[Start of section]

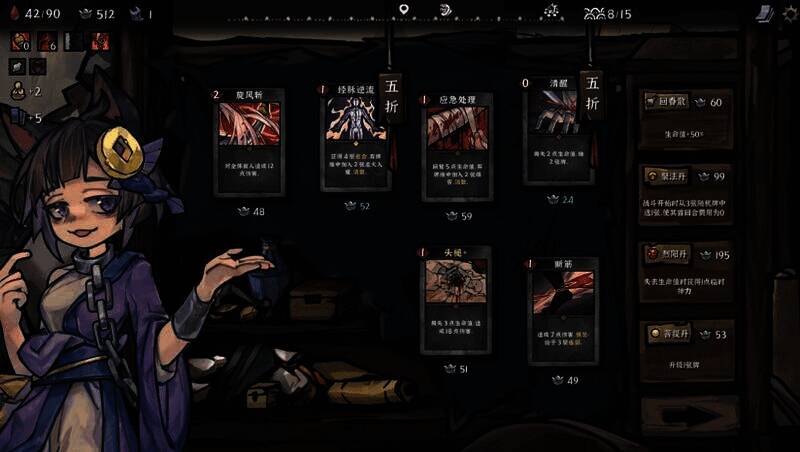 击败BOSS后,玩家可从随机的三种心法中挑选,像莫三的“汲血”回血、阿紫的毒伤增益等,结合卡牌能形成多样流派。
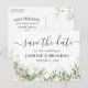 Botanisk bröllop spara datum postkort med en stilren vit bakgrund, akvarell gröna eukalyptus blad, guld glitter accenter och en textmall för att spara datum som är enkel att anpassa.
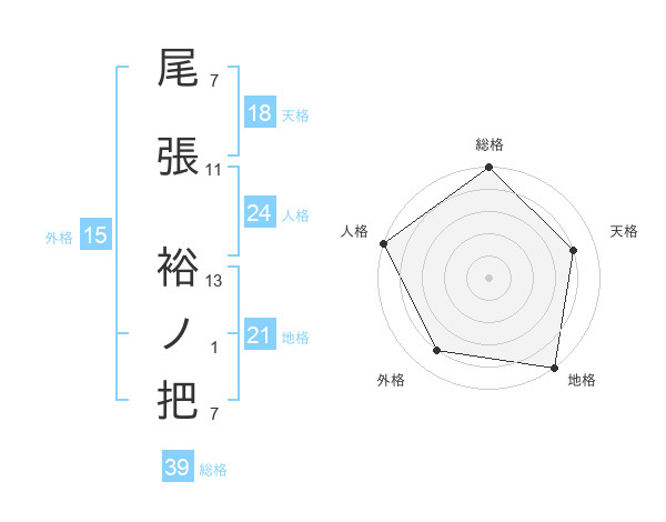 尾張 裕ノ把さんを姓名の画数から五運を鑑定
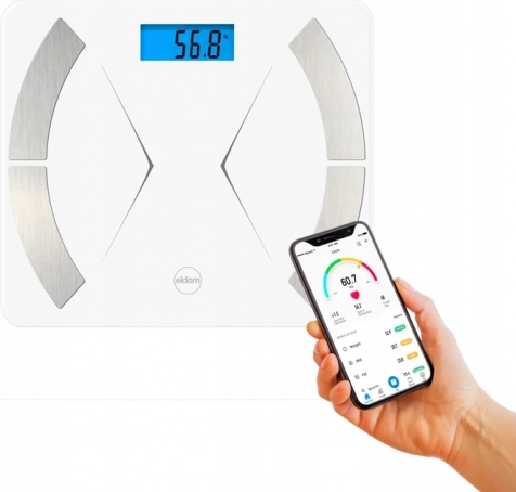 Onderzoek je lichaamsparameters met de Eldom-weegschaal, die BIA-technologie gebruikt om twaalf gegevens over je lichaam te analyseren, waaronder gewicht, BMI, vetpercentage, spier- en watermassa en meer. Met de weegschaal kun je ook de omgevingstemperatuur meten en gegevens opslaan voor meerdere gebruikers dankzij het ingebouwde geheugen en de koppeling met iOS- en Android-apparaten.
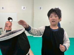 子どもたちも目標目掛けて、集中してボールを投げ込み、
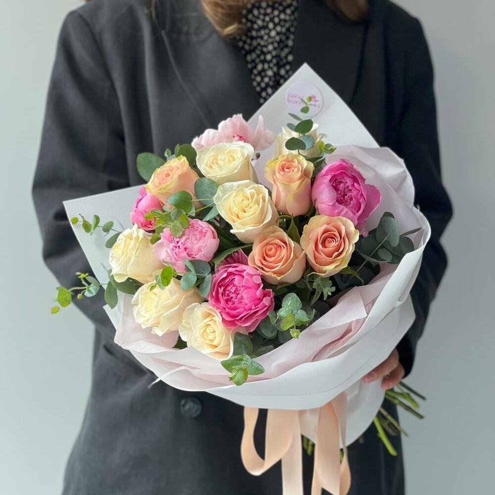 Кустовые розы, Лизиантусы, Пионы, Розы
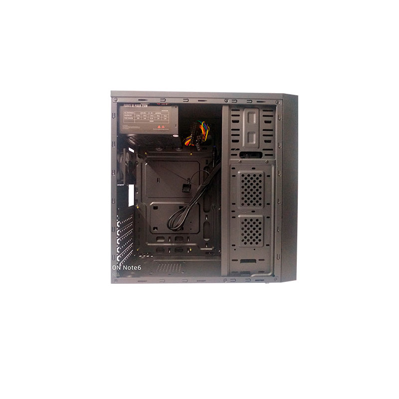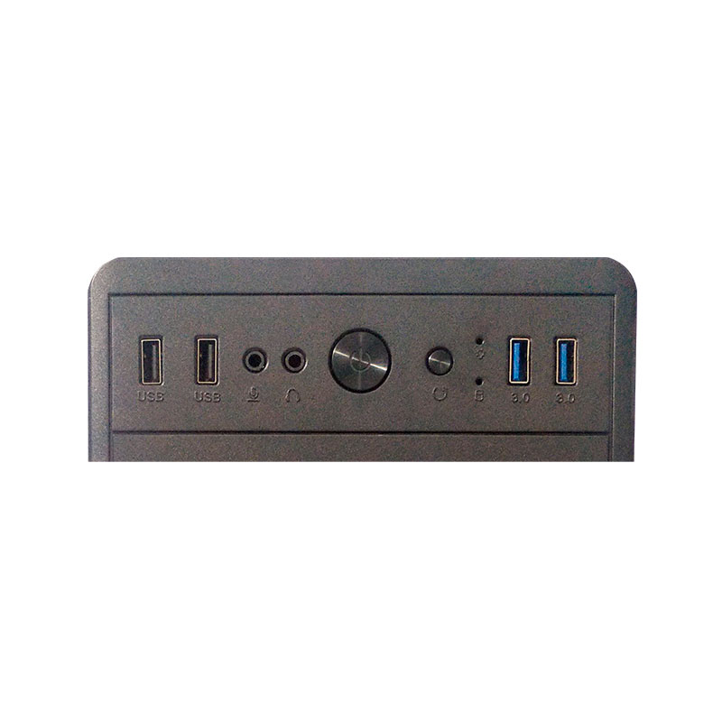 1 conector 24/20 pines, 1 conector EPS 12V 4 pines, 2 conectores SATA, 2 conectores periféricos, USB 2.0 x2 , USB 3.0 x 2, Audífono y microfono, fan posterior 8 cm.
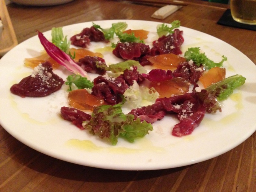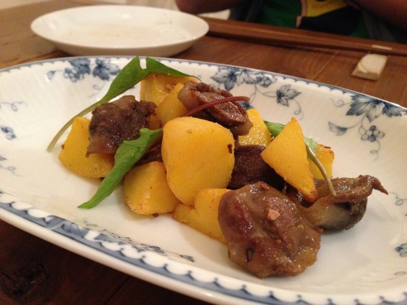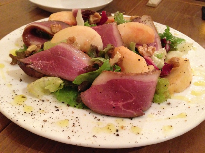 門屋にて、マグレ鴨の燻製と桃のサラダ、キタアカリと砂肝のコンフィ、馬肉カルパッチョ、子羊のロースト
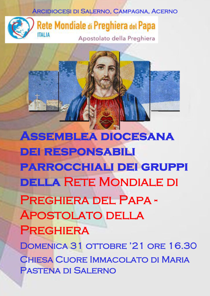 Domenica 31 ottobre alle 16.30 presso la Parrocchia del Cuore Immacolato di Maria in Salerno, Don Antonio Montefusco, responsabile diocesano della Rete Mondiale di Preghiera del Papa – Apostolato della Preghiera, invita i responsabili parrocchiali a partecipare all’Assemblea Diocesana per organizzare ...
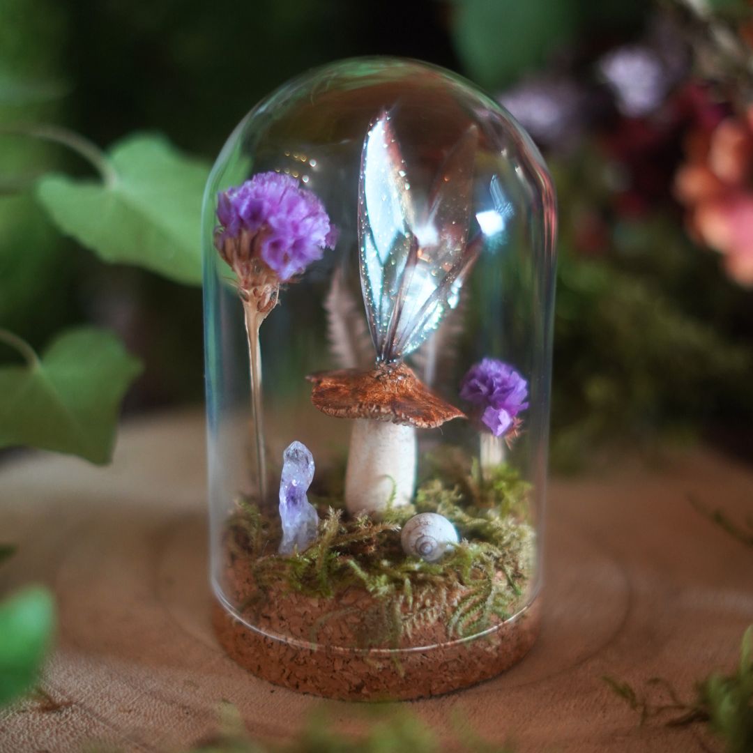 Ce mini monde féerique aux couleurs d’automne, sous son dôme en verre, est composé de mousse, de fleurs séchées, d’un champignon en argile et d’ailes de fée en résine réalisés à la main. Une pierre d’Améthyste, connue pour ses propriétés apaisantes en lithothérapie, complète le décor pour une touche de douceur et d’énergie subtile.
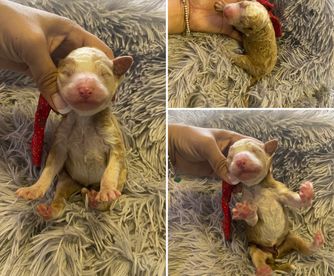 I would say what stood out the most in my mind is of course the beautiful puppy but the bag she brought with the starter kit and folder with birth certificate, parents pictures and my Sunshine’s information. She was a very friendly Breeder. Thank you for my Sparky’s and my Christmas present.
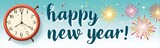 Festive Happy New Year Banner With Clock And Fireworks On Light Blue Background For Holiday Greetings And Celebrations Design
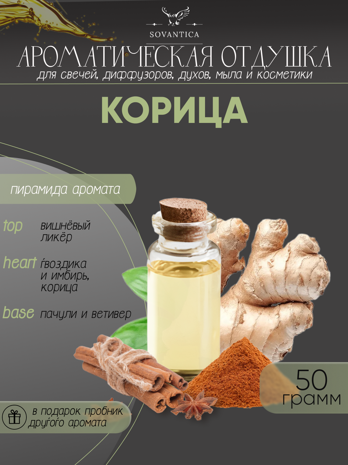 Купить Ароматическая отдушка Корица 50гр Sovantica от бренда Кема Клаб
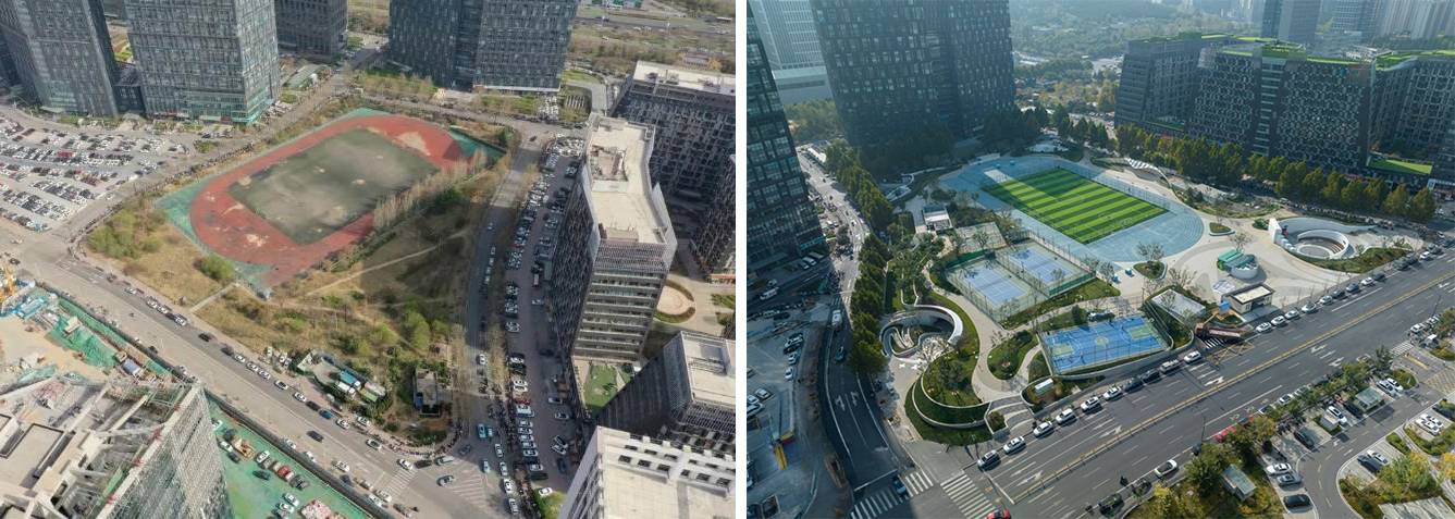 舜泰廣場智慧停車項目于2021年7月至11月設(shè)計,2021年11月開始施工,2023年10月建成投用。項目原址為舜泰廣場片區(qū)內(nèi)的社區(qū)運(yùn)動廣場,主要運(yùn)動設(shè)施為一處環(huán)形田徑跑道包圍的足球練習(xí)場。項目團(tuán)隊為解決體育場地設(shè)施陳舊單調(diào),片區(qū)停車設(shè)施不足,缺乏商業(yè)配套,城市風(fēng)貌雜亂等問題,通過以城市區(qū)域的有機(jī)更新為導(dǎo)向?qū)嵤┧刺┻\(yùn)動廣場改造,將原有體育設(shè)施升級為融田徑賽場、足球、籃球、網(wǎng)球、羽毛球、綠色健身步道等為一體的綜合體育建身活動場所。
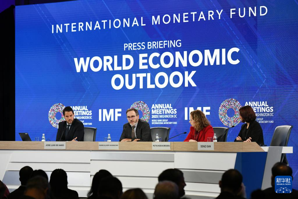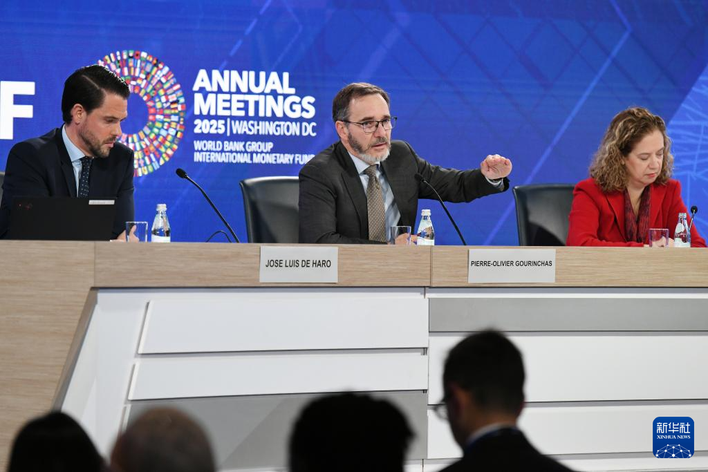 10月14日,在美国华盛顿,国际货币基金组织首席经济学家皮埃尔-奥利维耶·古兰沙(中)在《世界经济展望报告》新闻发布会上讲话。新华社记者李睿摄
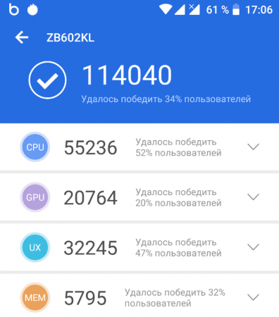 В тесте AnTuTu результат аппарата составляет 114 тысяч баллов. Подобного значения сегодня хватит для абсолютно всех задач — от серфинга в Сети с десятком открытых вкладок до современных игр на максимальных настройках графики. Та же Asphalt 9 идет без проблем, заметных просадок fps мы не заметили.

[End of section]

Using the data above, print only the lines starting at the one with "Кустовые розы, Лизиантусы, Пионы, Розы" and ending at the one with "Domenica 31 ottobre", exactly as they stand, minus the pictures.

 Кустовые розы, Лизиантусы, Пионы, Розы
 1 conector 24/20 pines, 1 conector EPS 12V 4 pines, 2 conectores SATA, 2 conectores periféricos, USB 2.0 x2 , USB 3.0 x 2, Audífono y microfono, fan posterior 8 cm.
 門屋にて、マグレ鴨の燻製と桃のサラダ、キタアカリと砂肝のコンフィ、馬肉カルパッチョ、子羊のロースト
 Domenica 31 ottobre alle 16.30 presso la Parrocchia del Cuore Immacolato di Maria in Salerno, Don Antonio Montefusco, responsabile diocesano della Rete Mondiale di Preghiera del Papa – Apostolato della Preghiera, invita i responsabili parrocchiali a partecipare all’Assemblea Diocesana per organizzare ...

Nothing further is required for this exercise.